PROBLEM TO SOLVE -
Starting with the line that has "找到HKEY_LOCAL_M" in the records below and stopping after the line that has "EUT VPN offers", output every line exactly and nothing else; skip pictures.

THE RECORDS -
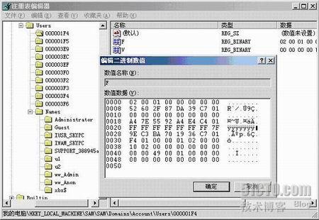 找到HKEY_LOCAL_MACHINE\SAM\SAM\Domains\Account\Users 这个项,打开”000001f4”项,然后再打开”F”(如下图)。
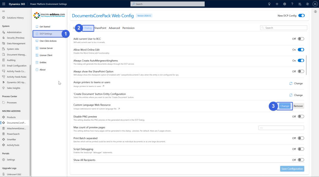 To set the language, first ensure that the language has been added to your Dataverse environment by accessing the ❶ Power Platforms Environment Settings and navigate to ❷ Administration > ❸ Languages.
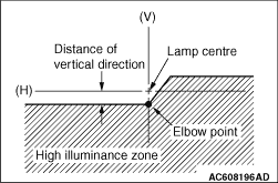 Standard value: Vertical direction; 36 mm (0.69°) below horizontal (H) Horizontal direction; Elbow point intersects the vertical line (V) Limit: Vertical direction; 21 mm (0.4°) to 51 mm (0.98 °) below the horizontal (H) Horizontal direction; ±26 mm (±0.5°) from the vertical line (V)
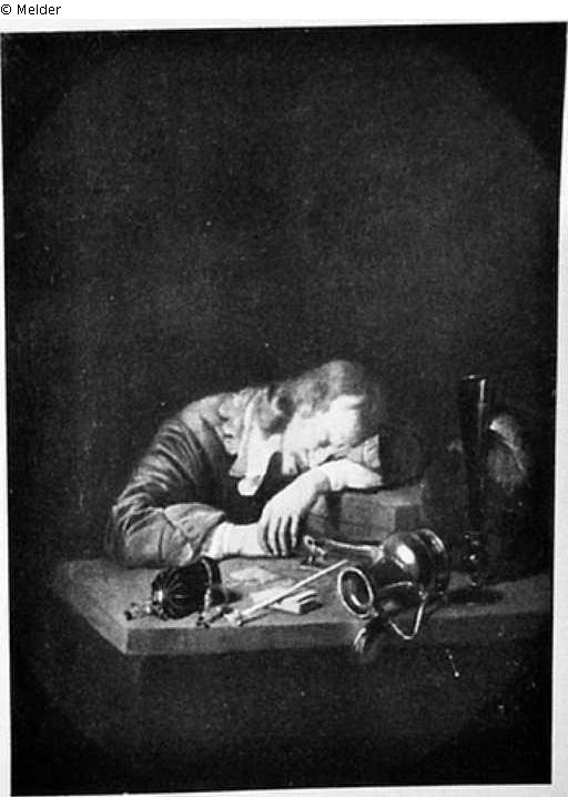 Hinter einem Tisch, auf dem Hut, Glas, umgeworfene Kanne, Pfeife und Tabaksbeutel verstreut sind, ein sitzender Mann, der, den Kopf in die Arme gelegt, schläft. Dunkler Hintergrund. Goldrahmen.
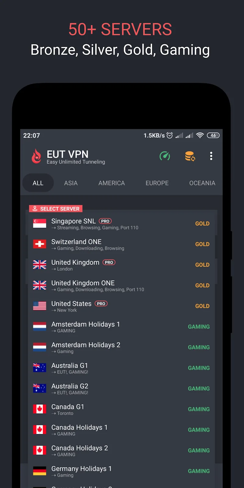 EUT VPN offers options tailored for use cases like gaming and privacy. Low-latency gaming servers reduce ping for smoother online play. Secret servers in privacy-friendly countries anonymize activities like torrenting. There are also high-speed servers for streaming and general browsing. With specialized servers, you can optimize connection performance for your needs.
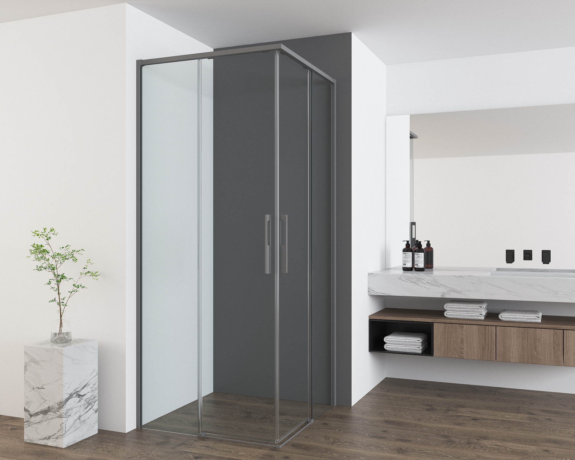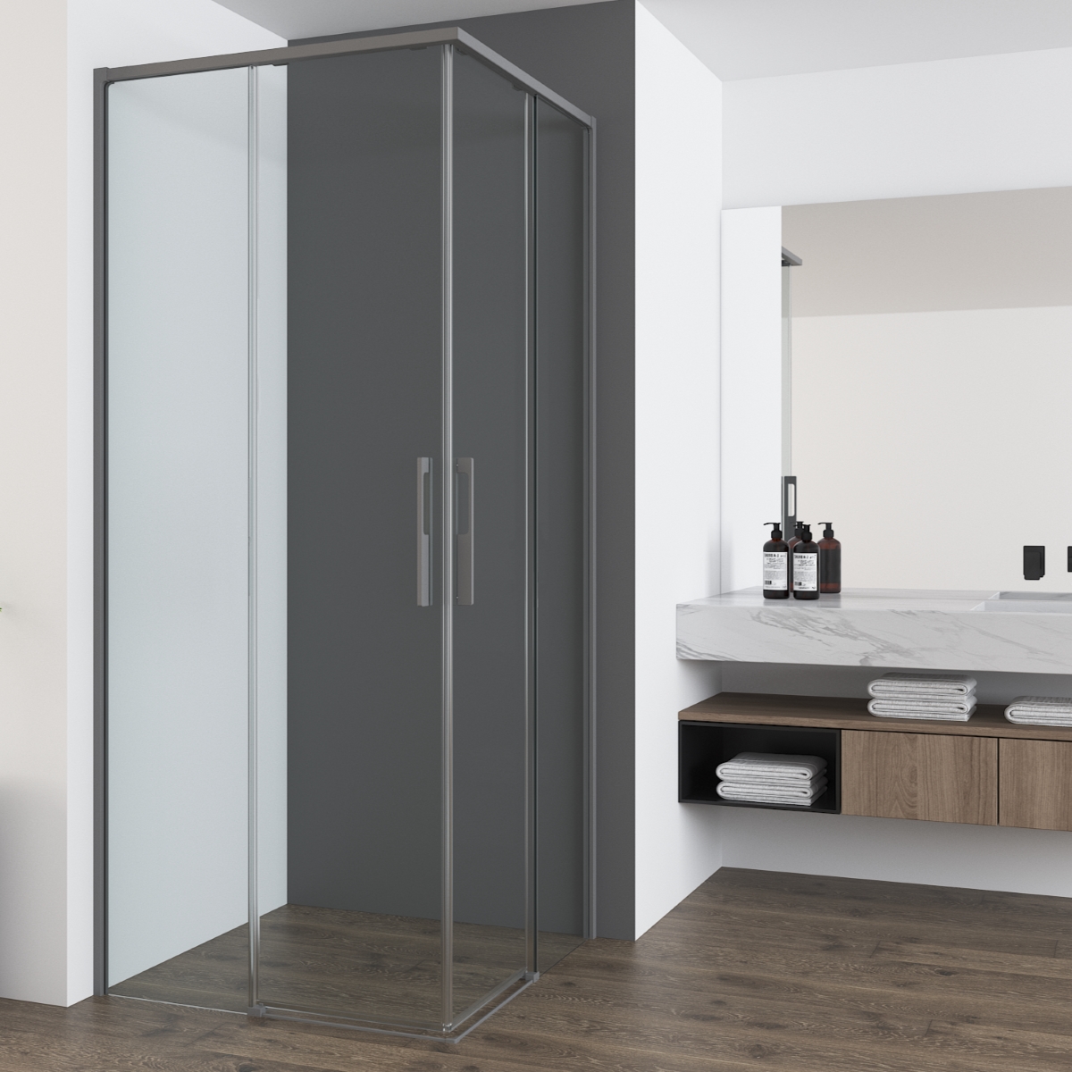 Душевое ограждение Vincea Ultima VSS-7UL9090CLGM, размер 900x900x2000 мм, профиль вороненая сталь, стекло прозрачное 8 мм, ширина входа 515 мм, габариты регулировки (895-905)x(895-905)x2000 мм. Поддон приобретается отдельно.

==

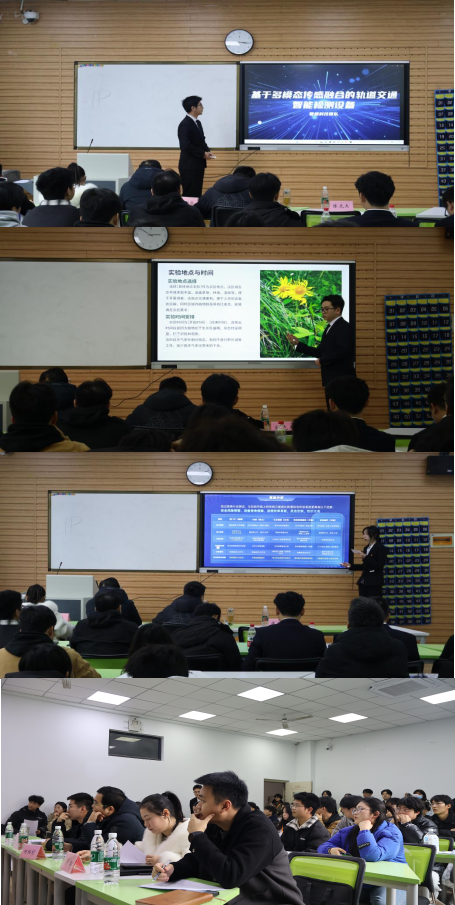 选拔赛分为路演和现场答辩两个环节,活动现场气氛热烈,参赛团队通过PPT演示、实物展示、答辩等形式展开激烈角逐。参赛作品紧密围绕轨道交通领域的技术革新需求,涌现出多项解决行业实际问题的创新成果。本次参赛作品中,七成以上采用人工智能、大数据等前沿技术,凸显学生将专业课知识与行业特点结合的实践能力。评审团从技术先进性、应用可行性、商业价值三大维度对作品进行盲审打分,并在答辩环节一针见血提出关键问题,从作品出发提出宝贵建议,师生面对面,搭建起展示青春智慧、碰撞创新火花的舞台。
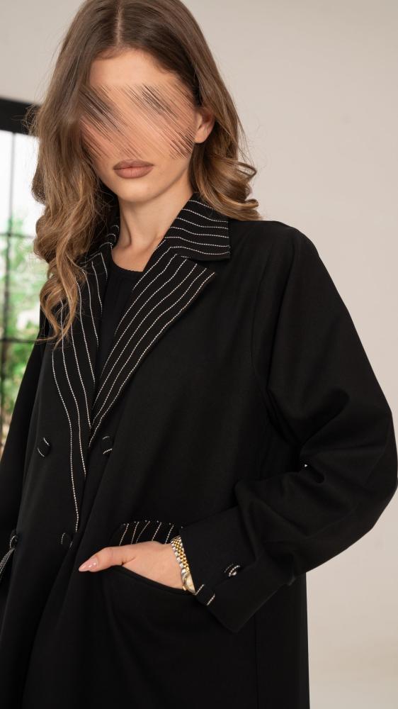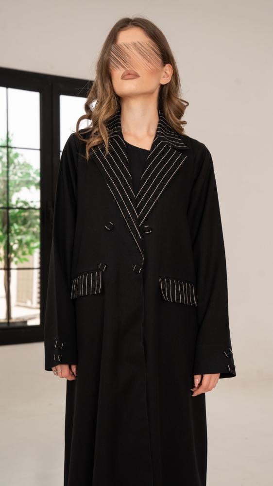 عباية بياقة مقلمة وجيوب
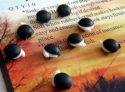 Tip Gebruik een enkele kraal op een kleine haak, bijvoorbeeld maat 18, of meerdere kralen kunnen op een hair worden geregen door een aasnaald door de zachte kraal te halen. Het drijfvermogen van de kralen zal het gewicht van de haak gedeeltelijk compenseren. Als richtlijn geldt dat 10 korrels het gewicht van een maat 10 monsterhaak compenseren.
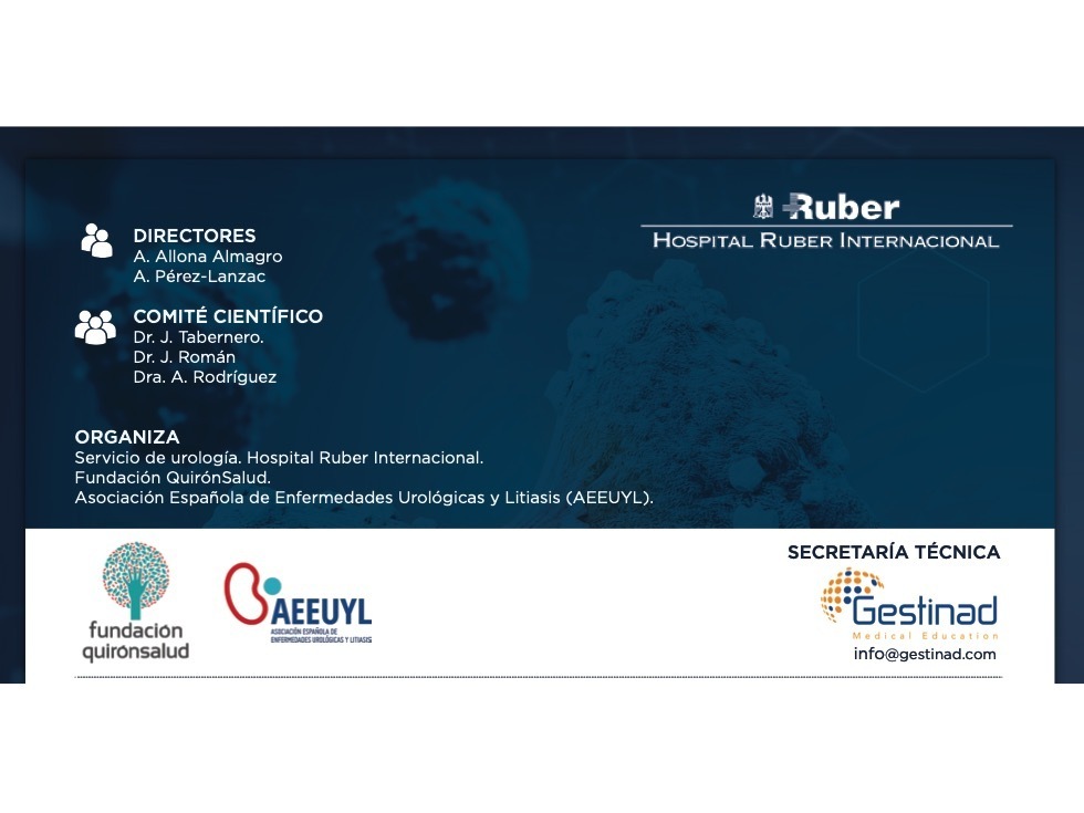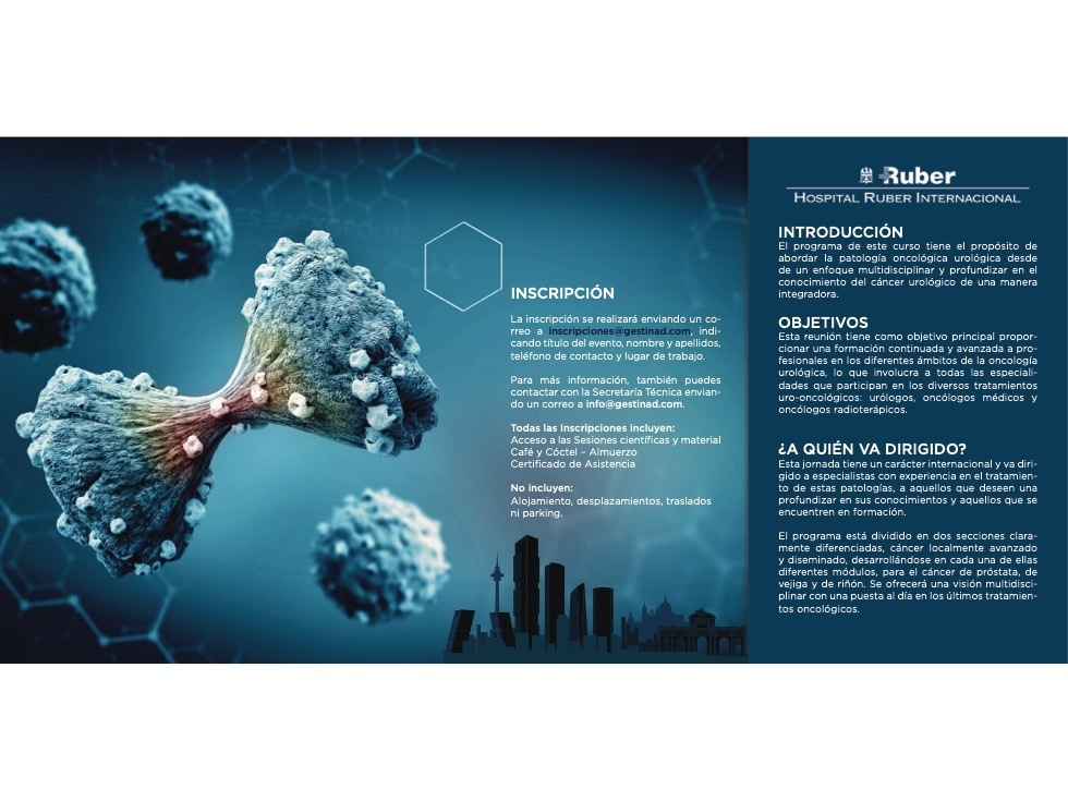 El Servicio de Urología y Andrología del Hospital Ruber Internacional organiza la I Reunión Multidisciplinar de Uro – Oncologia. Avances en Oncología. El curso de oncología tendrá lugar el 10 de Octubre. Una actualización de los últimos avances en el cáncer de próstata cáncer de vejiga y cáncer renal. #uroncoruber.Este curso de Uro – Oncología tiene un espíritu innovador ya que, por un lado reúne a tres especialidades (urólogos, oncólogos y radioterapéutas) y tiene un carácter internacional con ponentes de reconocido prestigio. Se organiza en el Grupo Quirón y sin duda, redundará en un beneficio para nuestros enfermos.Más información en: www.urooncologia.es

RESULT OF THIS EXERCISE -
 找到HKEY_LOCAL_MACHINE\SAM\SAM\Domains\Account\Users 这个项,打开”000001f4”项,然后再打开”F”(如下图)。
 To set the language, first ensure that the language has been added to your Dataverse environment by accessing the ❶ Power Platforms Environment Settings and navigate to ❷ Administration > ❸ Languages.
 Standard value: Vertical direction; 36 mm (0.69°) below horizontal (H) Horizontal direction; Elbow point intersects the vertical line (V) Limit: Vertical direction; 21 mm (0.4°) to 51 mm (0.98 °) below the horizontal (H) Horizontal direction; ±26 mm (±0.5°) from the vertical line (V)
 Hinter einem Tisch, auf dem Hut, Glas, umgeworfene Kanne, Pfeife und Tabaksbeutel verstreut sind, ein sitzender Mann, der, den Kopf in die Arme gelegt, schläft. Dunkler Hintergrund. Goldrahmen.
 EUT VPN offers options tailored for use cases like gaming and privacy. Low-latency gaming servers reduce ping for smoother online play. Secret servers in privacy-friendly countries anonymize activities like torrenting. There are also high-speed servers for streaming and general browsing. With specialized servers, you can optimize connection performance for your needs.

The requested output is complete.